How do the right people find us when we are in need of answers? There is an expression from Yoga that when the student is ready, the teacher appears. The mystery being, just who is a teacher? The universal concept of teacher is much broader than our states certify as qualified. A teacher is anyone who has great influence on our lives. If we are open to learning, anyone can be our teacher; a professor, a baby, a homeless person, a stranger, a recalcitrant child, a cashier in the supermarket, a drug addict, a bully are all qualified teachers for the right situation.

And the universe being what it is, mysterious, it makes no distinction between people and nonpeople as teachers. Can a thing teach us when it is inanimate? Why not? Illness is often cited as a great learning experience. It needn't even be a thing. Haven't we all been given messages through our feelings? Intuition registers in gut feelings and other nontangible awarenesses. When we evaluate the information passed on through our varied physical sources and reap the consequences in pleasant or unpleasant ways, we learn to trust those sensations.

Each day is an episode in the mini-series of life. Some see it as a comedy, some respond to it as tragedy. For others it is a gothic romance or perhaps a self-help manual. For me, it remains an exquisite mystery. The truly good mysteries have lots of red herrings thrown in, diversions that draw one’s attention from the salient clues, as our daily activities tend to do. What is really important?
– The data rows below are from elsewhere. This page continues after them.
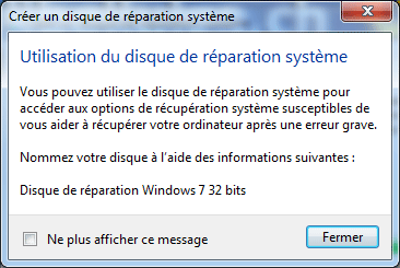 6. Quand le processus se termine, une boîte de dialogue vous invite. Lisez les informations et cliquez sur Fermer.
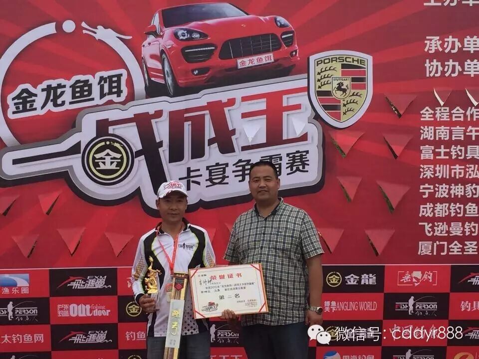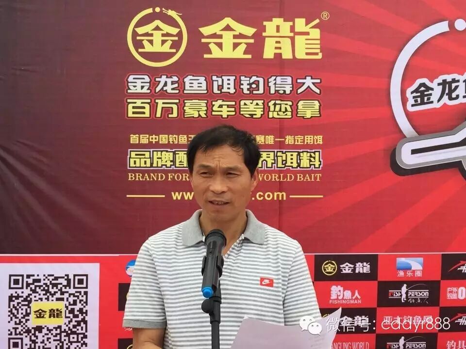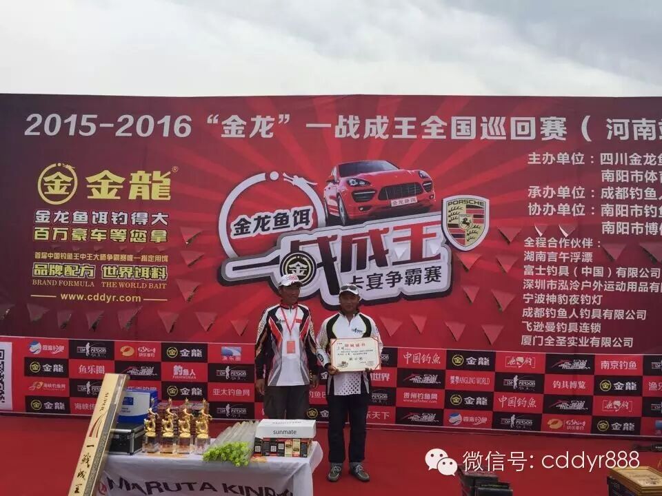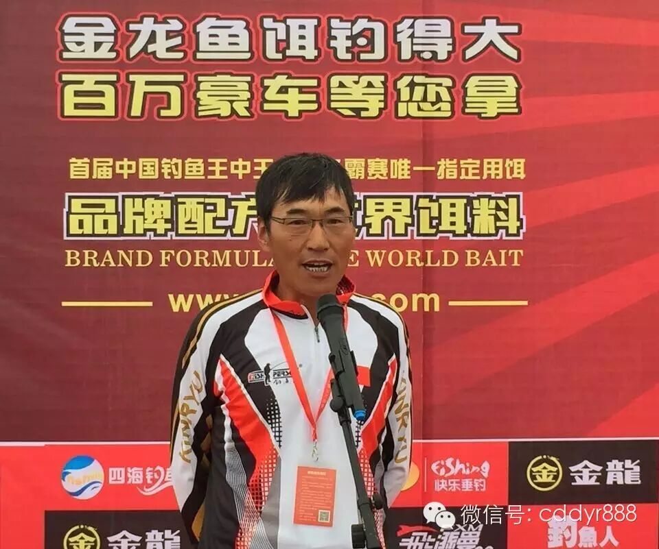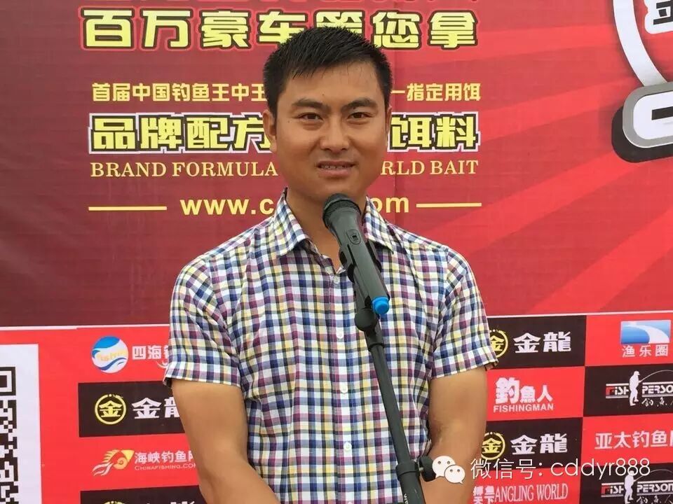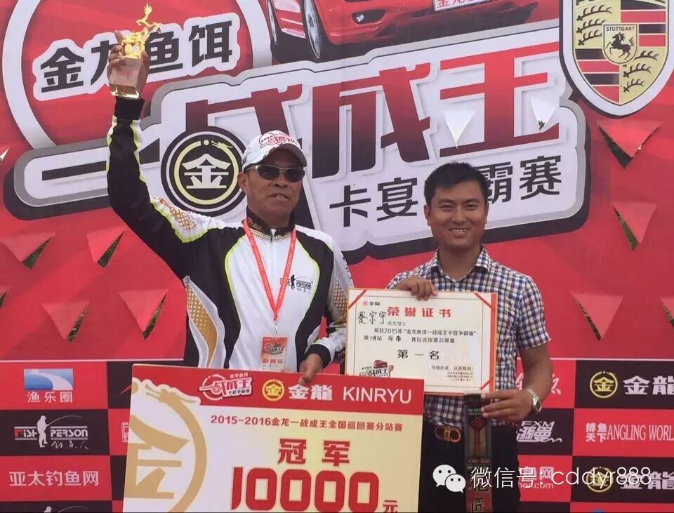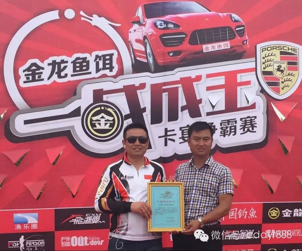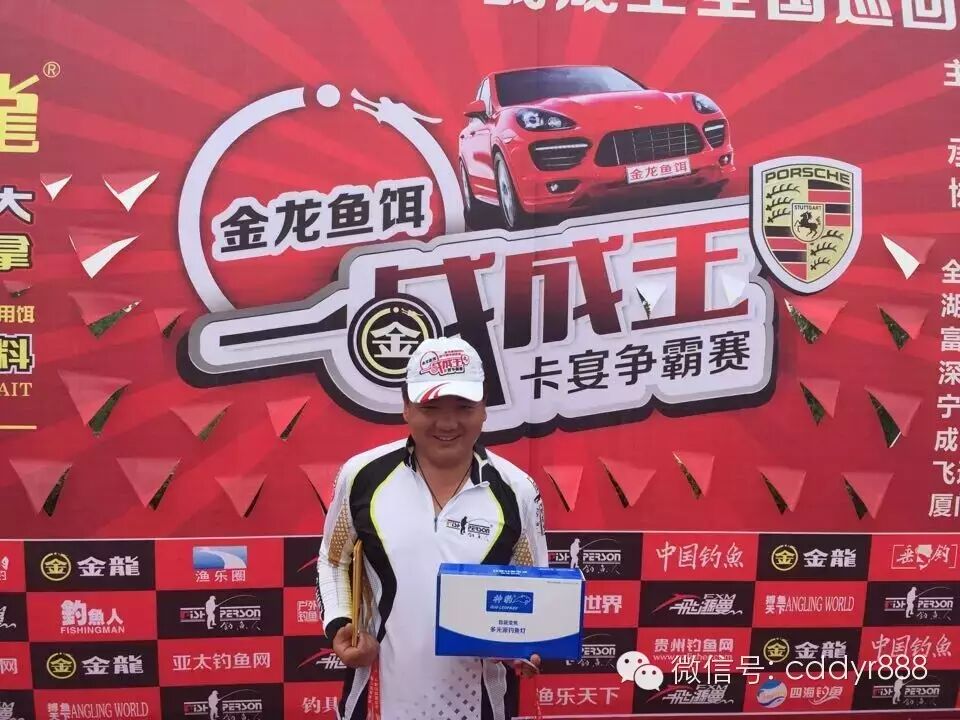四川金龙鱼饵有限公司董事长左贤金为冠军蹇宗宇颁奖!
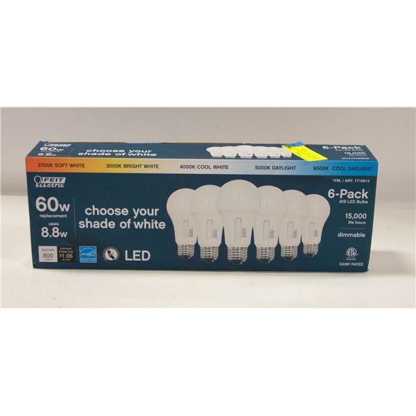 6-PACK FEIT ELECTRIC A19 LED DIMMABLE LIGHT BULBS1624 - 6-PACK FEIT ELECTRIC A19 LED DIMMABLE LIGHT BULBS
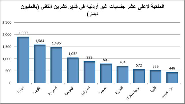 الملكية لأعلى عشر جنسيات غير أردنية في شهر تشرين الثاني من العام 2025
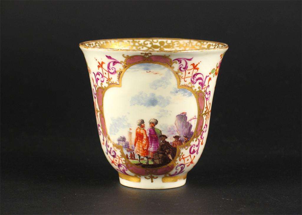A Meissen beaker, painted with two panels, one containing Turkish figures wearing turbans, the other with a landscape scene, a blue enamelled crossed swords mark and gilt 'T'. Broken and well restored. c.1730, 7.2cm.

It comes back to the "how." How do we recognize the diversions and how do we deal with them? Or is life itself the diversion from something else, a cosmic red herring? How do we feel about that?

Perception Challenge # 13

Write Your Own Novel

Everyone has his or her own book inside, being written daily. We frequently don’t recognize it as we are so wrapped up in the drama of living. People often assume that writers’ characters are the writers themselves. That is partly true because we write what we have assimilated through experience. But we also use that experience to make up characters and try out different personalities, to step back from life and observe. One trick novelists use to bring distance to their subject is to change the facts of their characters. Male becomes female, young becomes old, perky becomes petulant. We can use this trick to cast light on our own stories.

Try this. Next time you find yourself in an emotional situation, pretend you are a writer and that the problem is happening to one of your characters. How would that character solve it? Then give the problem to another character with a different personality and perspective and see how that one resolves it. Does looking through other eyes help you get insight into your dilemma?